Abe loved animals; he was very attached to Old Bob, the horse he rode on circuit.  The family had a dog, Fido, who they decided to leave with a neighbor when they went to Washington.  But Lincoln was especially known for picking up stray cats, and there were always several around the house.

He also loved children, especially his own, who he indulged quite a bit.  But he hadn’t had much of a childhood, because the family needed him to go to work when he was still young.  He was really only able to get an education because of the efforts of his stepmother, Sarah Bush Lincoln.  As a result, he allowed his own children to play and make noise and generally have a good time (as long as they studied their lessons).  Visitors were often scandalized by the boys’ behavior, but considering 3 of the 4 died young, it seems just as well that their time was happy for as long as possible.

Lincoln also befriended the neighborhood children.  The neighbors were a mix of skin colors and income levels and social position, and Lincoln was especially concerned that the poorer children should get some of the treats his sons got.  So when the circus came to town, for instance, he’d gather up a batch of boys and take them all with his sons, paying the entrance fee for the ones who couldn’t afford it.  A nice man.

Lincoln’s family

Mary came to Springfield to stay with her older married sister Elizabeth.  To help Mary find an eligible husband, Elizabeth held a dance and invited all the eligible bachelors in Springfield.  Her invitation included all the attorneys, which is how Lincoln got invited.  Elizabeth considered Lincoln far beneath her sister and wouldn’t otherwise have given him the time of day; in fact, she tried to discourage Mary from even dancing with him.

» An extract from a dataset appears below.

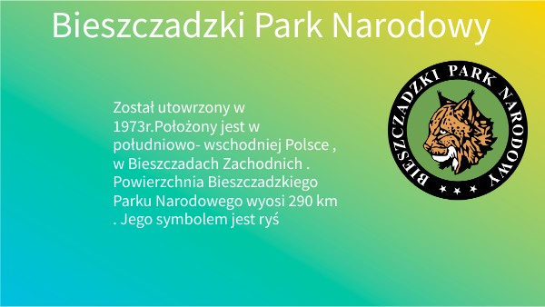 Został utowrzony w 1973r.Położony jest w południowo- wschodniej Polsce , w Bieszczadach Zachodnich . Powierzchnia Bieszczadzkiego Parku Narodowego wyosi 290 km . Jego symbolem jest ryś
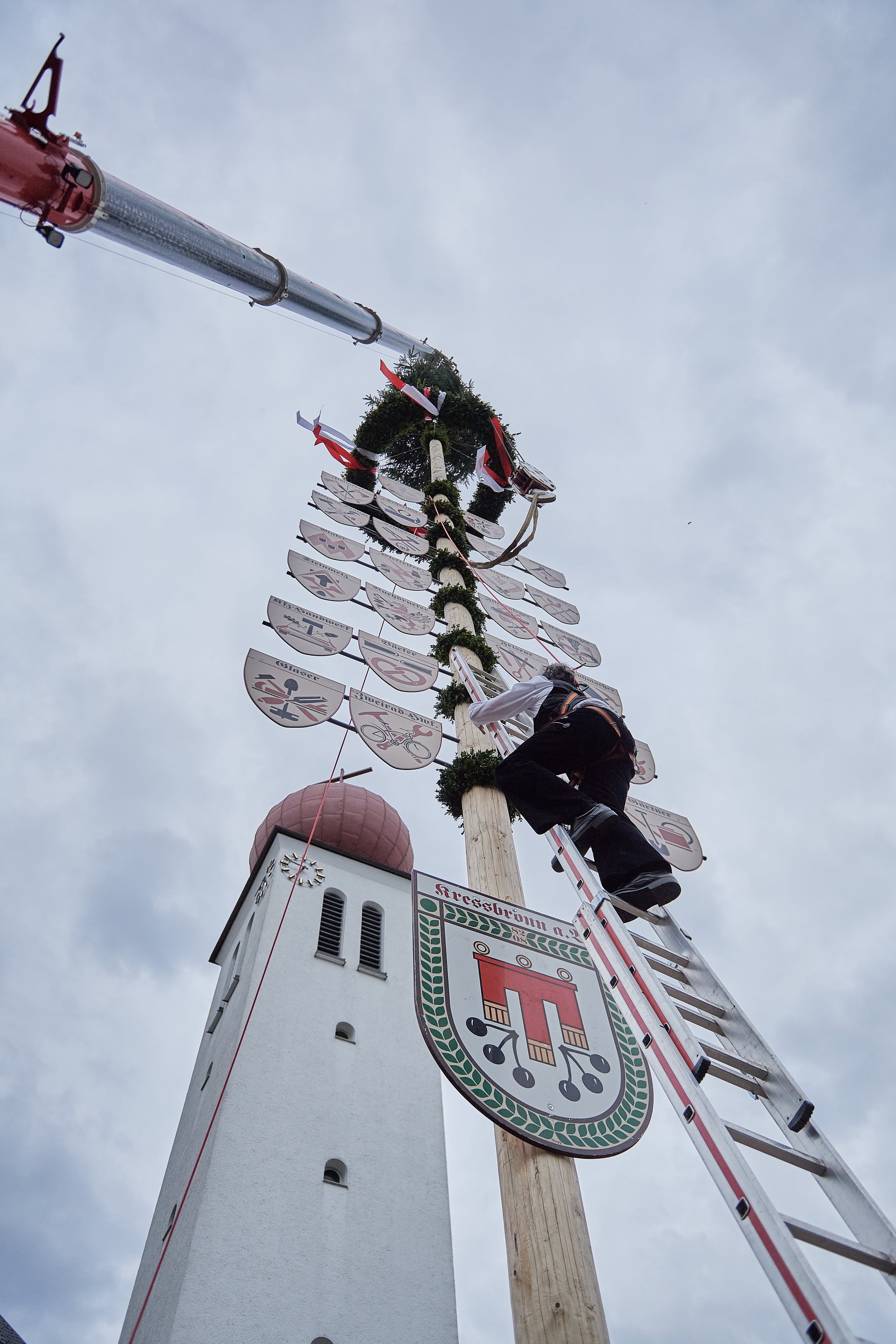 Die Aufstellungszeremonie wird musikalisch vom Musikverein Kressbronn e. V. begleitet. Da der Kressbronner Maibaum sehr groß ist, erfolgt die Aufstellung aus Sicherheitsgründen immer mit Hilfe eines Krans. Nach der Aufstellung des Maibaums wird traditionell gemeinsam das Lied „Der Mai ist gekommen“ gesungen und der Zimmermannsklatsch durchgeführt, bevor die Kressbronner Landjugend mit dem Kronen- oder dem Bändertanz aufwartet. Die Kressbronner Handwerkerschaft sorgt dann schließlich für das leibliche Wohl, so dass der Abend in gemütlicher Atmosphäre auf dem Rathausplatz ausklingen kann.

The two sisters were sitting on a couch when Lincoln saw them and was quite taken with Mary.  She was 5’ 2” and pretty and vivacious.  The gangling Lincoln went up to her and said he “wanted to dance with her in the worst way.”  Mary accepted, despite Elizabeth’s disapproval, but between their height difference and Lincoln not being a very good dancer, the dance wasn’t a success.  When he returned Mary to her sister, Elizabeth asked her what she thought of him, expecting a firm thumb’s-down.  But Mary said she could tell he was an honest man, because after all he’d said he wanted to dance with her “in the worst way.”

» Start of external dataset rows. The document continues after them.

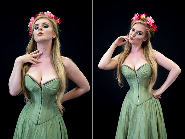 In luce naturale come in studio: il particolare qui sopra, è stato estratto da un'immagine scattata a Photokina, con la sola illuminazione dei padiglioni - 1/200s, f/2.8, 3200 ISO. Modella: Troys-Seducement.
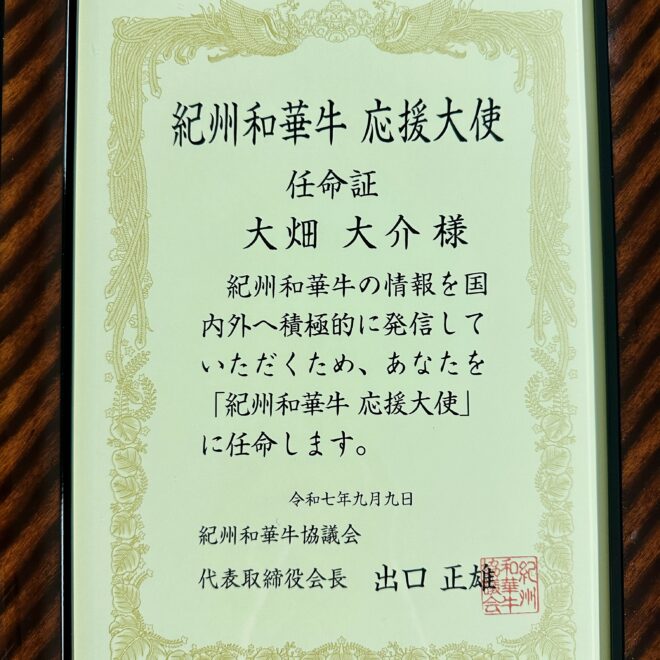 これらを同時に叶える紀州和華牛の取り組みに共感し、この度、大畑大介は紀州和華牛応援大使に就任いたしました(2025年9月)。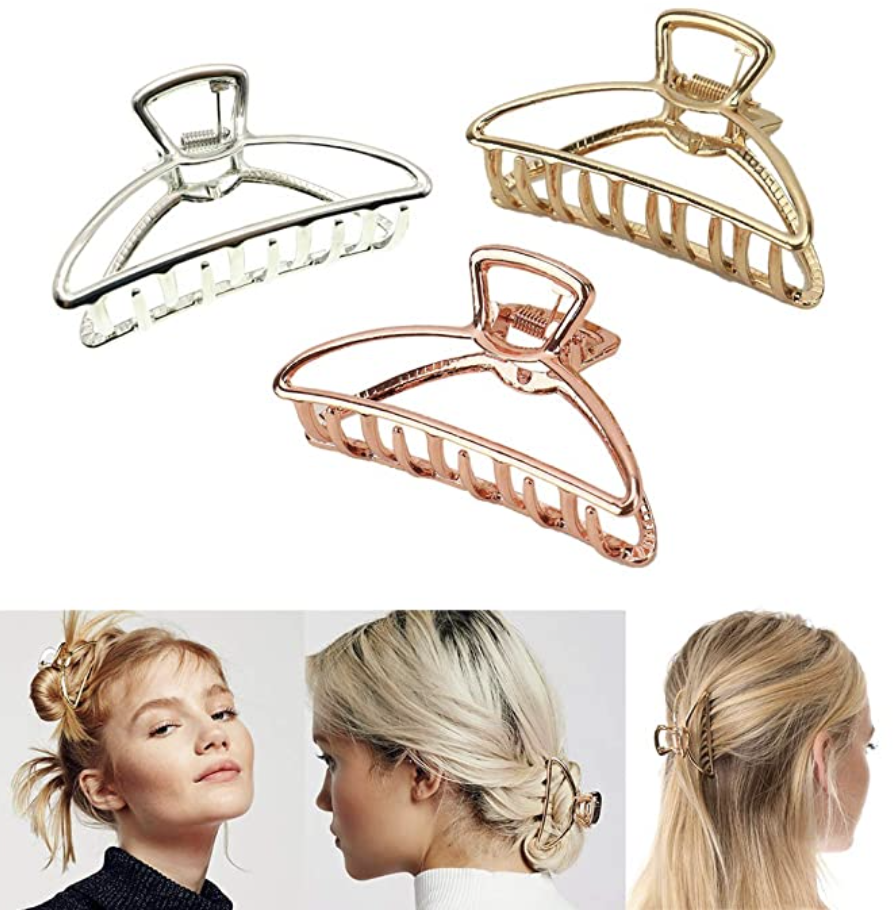 These strong, durable, and easy-to-use clips are perfect if you want to tie your hair back without the pull and tension of a bobble. And for under $10, you’ll receive a pack of three hair clips in silver, rose gold, and gold.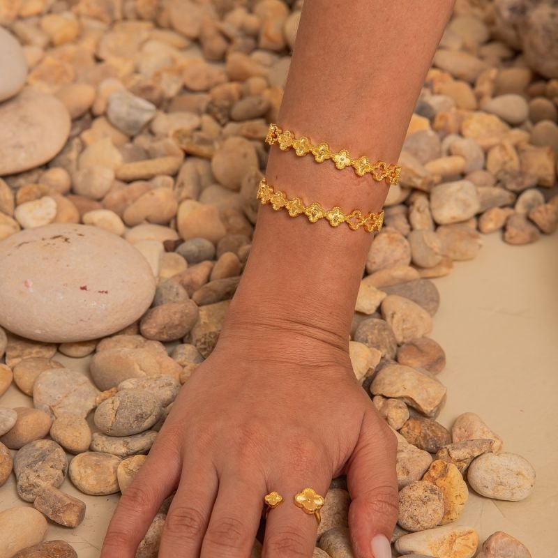 BRACELETE RÍGIDO MINI TREVOS DOURADO FOLHEADO

Oddly, Mary had said from when she was a child that she wanted to marry the president.  When they married, nothing looked further from reality than Lincoln becoming president, though we know how that turned out.  I feel sure her childhood dream of being a president's wife hadn't included assassination, showing that when you set your mind on achieving something, be sure you really want it.


Lincoln’s Tomb

Lincoln's tomb
explaining the present structure




















After Lincoln was assassinated, his friends formed an association to raise funds to build a tomb.  The site was chosen by the Lincoln family.  In 1868 funds had been raised and a design competition was held.  In 1874, President Grant dedicated the tomb.  In 1895, the last surviving member of the association deeded the tomb to the State of Illinois.  The renovations began in 1899, as you see in the photo at right above.

closeup of statues
explains the statuary
















As you can see above, the balcony curves out below Lincoln's statue and at the center of the curve is the plaque below.

The Gettysburg Address
Just below the plaque is the entrance to the tomb where the Lincoln family is buried.  I didn't go in so can't tell you any more than is in the renovation sign above.

The bust of Lincoln (right) has an odd myth connected to it: rubbing his nose brings good luck, which explains the reason for its different appearance.  I can't imagine where that came from, and I didn't do that either, but I saw others who did.

There are several other Lincoln-related locations around town - after all, he spent 20 years here.  But these were the only two I visited.